3.3.4 Survey on Socioeconomic Impacts of COVID-19
The dataset analyzed is the combined dataset that has already been transformed.
Only less than 30% of the data are complete cases without any missing values. The variables representing region, sex, lost job, lost income, domestic responsibility, childcare responsibility, and adultcare responsibility have no missing value, while the ones representing food access, sanitary product access, medical care access, and partner support have less than 25% rows missing and the ones representing friend and family support, work hours, and unemployment insurance have around 75% rows missing.

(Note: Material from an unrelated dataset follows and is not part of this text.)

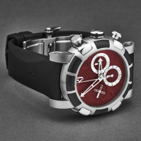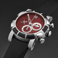 Silver-tone stainless steel case with a black rubber strap. Fixed black stainless steel bezel. Red dial with silver-tone hands. Dial Type: Analog. Luminescent hands. RJ7753 Mechanical automatic-winding Chronograph movement automatic movement. Scratch resistant sapphire crystal. Pull / push crown. Solid case back. Round case shape, case size: 46 mm, case thickness: 17 mm. Band width: 22 mm, band length: 8 inches. Deployment with push button release clasp. Water resistant at 30 meters / 100 feet. Functions: chronograph, hour, minute, second. Moon Dust-dna Series. Luxury watch style. Romain Jerome Moon Dust-Dna Chronograph Automatic Red Dial Men's Watch RJMDCH.701.10. CASE Case Size: 46 Case Thickness: 17 mm Case Material: Stainless Steel Case Shape: Round Case Back: Solid BAND Band Material: Rubber Band Type: Strap Band Color: Black Band Length: 8 inches Band Width: 22 mm Clasp: Deployment with Push Button Release DIAL Dial Color: Red Type: Analog Crystal: Scratch Resistant Sapphire Hands: Silver-tone Luminiscence: Hands Bezel: Fixed Bezel Color: Black Bezel Material: Stainless Steel Crown: Pull / Push INFORMATION Brand: Romain Jerome Series: Moon Dust-Dna Collection Name: Moon Dust-Dna Gender: Mens Model: RJMDCH.701.10 Movement: Automatic Engine: RJ7753 Mechanical automatic-winding Chronograph movement FEATURES Water Resistance: 30 meters / 100 feet Functions: Chronograph, Hour, Minute, Second Watch Features: Analog, Rubber, Stainless Steel, Chronograph ADDITIONAL INFO Watch Style: Luxury Warranty: 2 Year Jomashop Warranty Jomashop Sku: Y-A4ZPV Department: Watches

The rows with missing values have NAs in 3, 4, or 6 of the variables that contain NAs. Rows with missing values would not be removed altogether, but each set of data extracted for plotting a single chart would have their missing values removed right before each single chart is plotted in order to reduce data loss. It does not make sense to impute the missing values.